For one, the frog in your photo is an Ornate. I stated C. cranwelli as not being great swimmers.
In your original post, you didn't say the water available in your setup was only nose deep. As for the frogs using the water bowls to poop & pee in, you're right......and when they do, you change it and place fresh water in the bowl. We breed them, so we have quite a few to deal with at any given time. I am not arguing with you, just stating my own experiences.  We keep most of ours in tubs on paper towels too.......we clean them every day, sometimes more that twice a day. I figure if you can't bother to provide a clean environment for them, then you shouldn't bother keeping them.......

You originally asked for opinions, I gave mine. If you really don't want opinions, why bother asking for them in the first place?
We have tried all kinds of different setups to see what they were most comfortable with, because in the end, the frogs are what matter, right? Our frogs are healthy & happy. I'm not here to prove anything or compete.

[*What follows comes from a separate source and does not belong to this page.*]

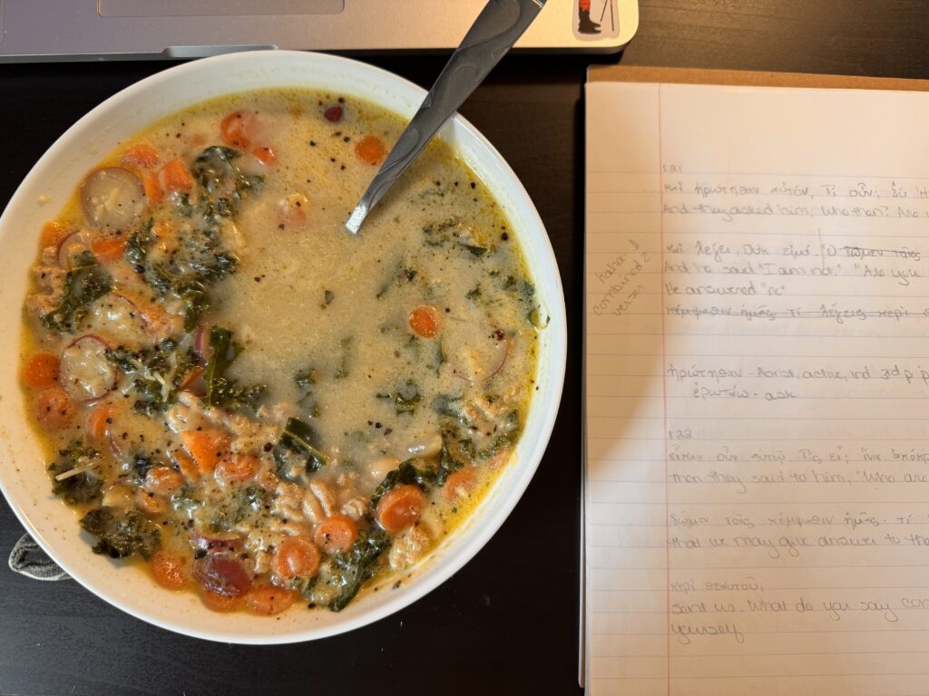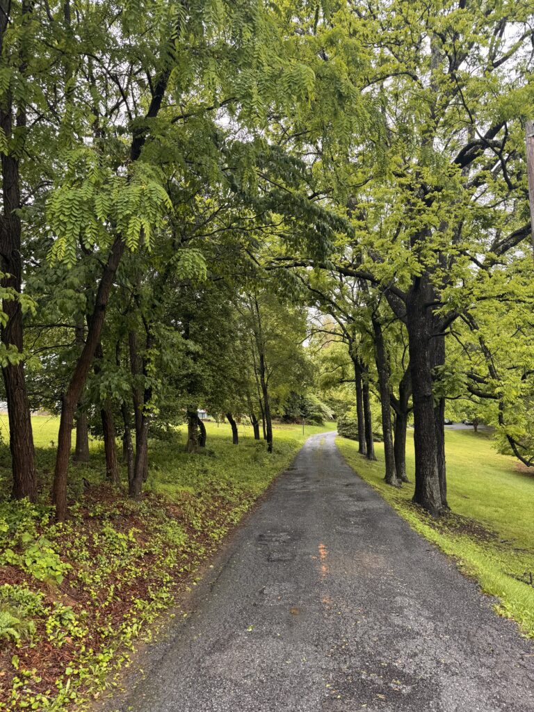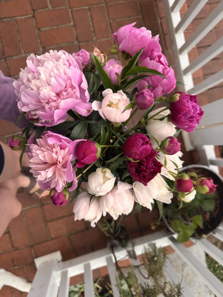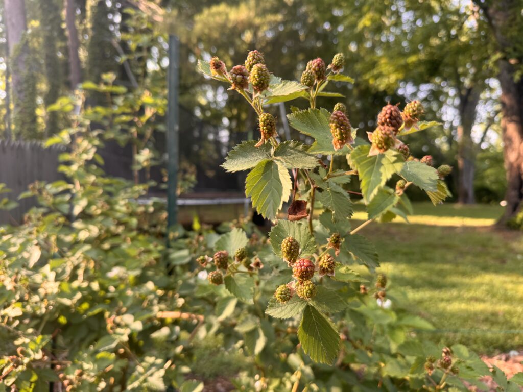 My assistant Albus is always looking for a place to nap.I cut the last of peonies before the days of rain last week. A quick Trader Joe’s run. I love a tree-lined road or driveway or river. Soup and Greek practiceThe blackberries are ripening! I’m finally painting the boys’ room!

Just to share information & experience & a love of these awesome critters.

----------


## dsmalex97

I am asking for your opinions, and notice how I wrote "debate" in the title.  This means I would like to argue lol.  Friendly arguing of course.  I'm not trying to prove this is a better method, but just possibly prove it is just as good as any other.  I know it seems to be frowned upon to use water, and I'm personally puzzled by this that's all.  I've always been good for asking "why" and that's simply all I'm doing here.  No need to get bent out of shape over a debate over substrate.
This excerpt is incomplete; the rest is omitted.